Two levers this benchmark validates:

  • Per-action reassessment goes serial on a CPU-limited host. The tail line reports reassessment: serial|parallel — N worker(s) / M effective core(s). On a 2-vCPU host the recommender's container-aware detection picks serial; even on a 4-core dev box --compare shows parallel is no faster than serial (each worker clones a full network), so over-subscribing 2 vCPUs with ~10 workers was the 47 s assessment in the regression.
  • The step-2 result payload no longer ships full-grid per-branch arrays. Each combined-action pair used to carry p_or_combined / p_ex_combined (one float per line × ~100 pairs ≈ 29 MB on the European grid); the frontend reads neither, so they are emptied at the API boundary. Watch payload=… KiB and the result sanitize_for_json sub-line drop (29 269 KiB / 2.57 s → 267 KiB / 0.01 s).

Reference measurements

On a developer box with pypowsybl 1.14.0 + Python 3.12 + the full PyPSA-EUR France 400 kV grid, current branch tip:

bench_load_study.py

Segment Measured
reset() ~0 ms
load_network ~2 200 ms
update_config ~5 900 ms
4 response XHRs ~330 ms
Total ~8.5 s

This maps to ~8.8 s end-to-end wall-clock on Chrome DevTools traces — see v18 row of docs/performance/history/loading-parallel.md (-63 % vs v6 baseline).
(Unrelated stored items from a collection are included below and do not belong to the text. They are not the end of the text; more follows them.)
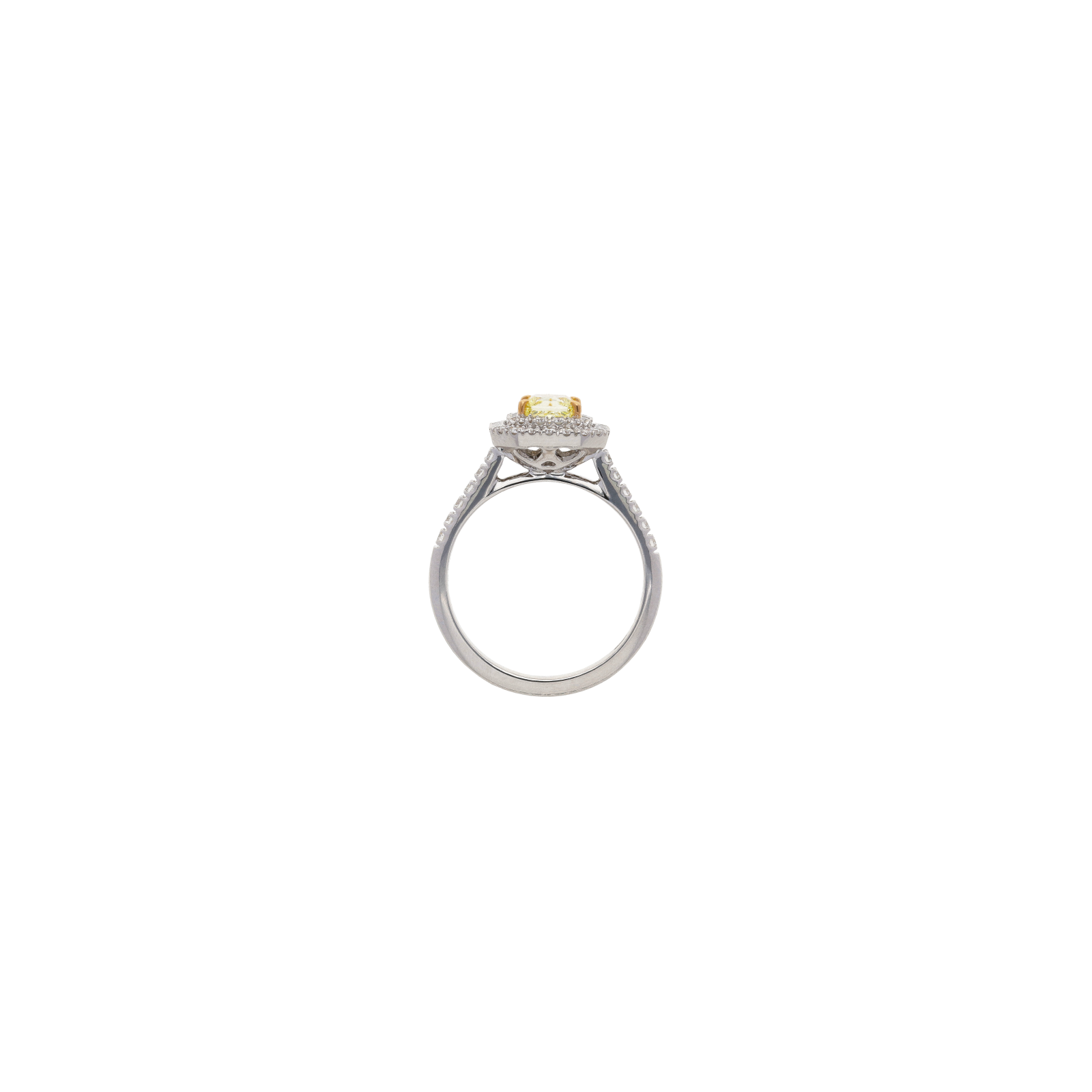Anello solitario in oro bianco con diamante fancy yellow e pavé di diamanti bianchi - 234-6830
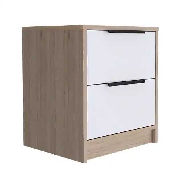 "Mesa de noche ares x 2 2 Nocheros prácticos y funcionales, de diseño moderno con combinación de colores, tiene 2 cajones por mesa de noche, fácil instalación y armado. Material: aglomerado melaminico. Medidas: 48 alto x 41 ancho x 36,3 fondo."
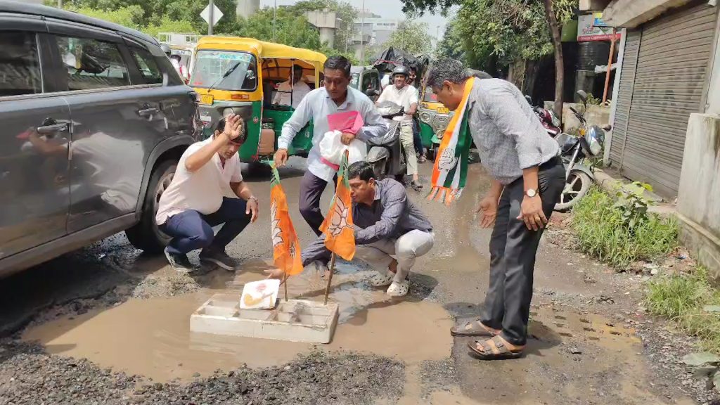 सूरत में पहले ही बारिश में कई सड़कों पर गड्ढे पड़ गए हैं। इसी को लेकर यूथ कांग्रेस ने मंगलवार को अनोखे तरीके से विरोध प्रदर्शन किया।
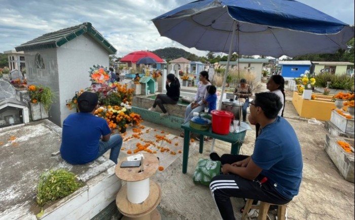 Todo el panteón Xalapeño es un ir y venir de personas que llegan a limpiar la tumba de sus muertos este domingo 2 de noviembre, mientras que Austin David permanece quieto junto a su hermano, con una mesa, una sombrilla tipo parasol, y unas ollas con comida.

bench_voltage_level_queries.py

Endpoint Before After
/api/voltage-levels 7.5 ms 4.5 ms
/api/nominal-voltages 144 ms 5.7 ms (~25×)
get_monitored_elements 265 ms 175 ms
_get_switches_with_topology 174 ms 141 ms

bench_n1_diagram.py (contingency ARGIAL71CANTE)

Call Before After
COLD (first view) 18 125 ms 4 159 ms (-77 %)
WARM (repeat view) 11 906 ms 3 200 ms (-73 %)

When to run them

  • Before pushing a perf patch on the backend or on expert_op4grid_recommender: run the benchmark closest to the change and confirm no regression on the rest via run_all.py.
  • When a DevTools trace suggests slowdown: map the hot span to one of the four scripts to isolate it from web-layer variance.
  • When upstream bumps expert_op4grid_recommender: re-run bench_topology_cache.py + bench_voltage_level_queries.py to catch behavioural changes in pypowsybl / numpy / pandas upgrades.

Notes

  • These scripts import expert_backend.services.* directly, so they need to run inside the Co-Study4Grid venv.
  • Each benchmark is idempotent — running one does not alter global state in a way that would affect the next (each call to setup_service resets the recommender).
  • The scripts intentionally use real data paths rather than mocks: the goal is to measure the full pypowsybl + JNI + pandas stack. Unit tests in expert_backend/tests/ cover the mock path.